On finite width questionable representations of orders

TL;DR

This paper investigates finite width questionable representations of orders, exploring their properties, computational implications, and generalizations, including applications to graph classes with bounded tree-width or clique-width.

Contribution

It introduces the concept of balanced tree-questionable-width and establishes relationships between this measure and existing graph width parameters.

Findings

Countable total orders have binary questionable representations.

Polynomial-time algorithms for testing isomorphism and counting linear extensions on certain classes.

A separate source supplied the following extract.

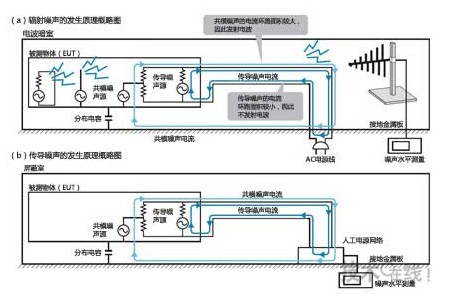 本圖為傳導噪聲的測量情形。該測量的屏蔽室內進行。具體的測量條件由“CISPR16-2”或“ANSI63-4”等規(guī)格規(guī)定。

Bounded balanced tree-questionable-width does not imply bounded tree-width or clique-width.

Abstract

In this article, we study "questionable representations" of (partial or total) orders, introduced in our previous article "A class of orders with linear? time sorting algorithm". (Later, we consider arbitrary binary functional/relational structures instead of orders.) A "question" is the first difference between two sequences (with ordinal index) of elements of orders/sets. In finite width "questionable representations" of an order O, comparison can be solved by looking at the "question" that compares elements of a finite order O'. A corollary of a theorem by Cantor (1895)is that all countable total orders have a binary (width 2) questionable representation. We find new classes of orders on which testing isomorphism or counting the number of linear extensions can be done in polynomial time. We also present a generalization of questionable-width, called balanced tree-questionable-width, and show that if a class of binary structures has bounded tree-width or clique-width, then it has bounded balanced tree-questionable-width. But there are classes of graphs of bounded balanced tree-questionable-width and unbounded tree-width or clique-width.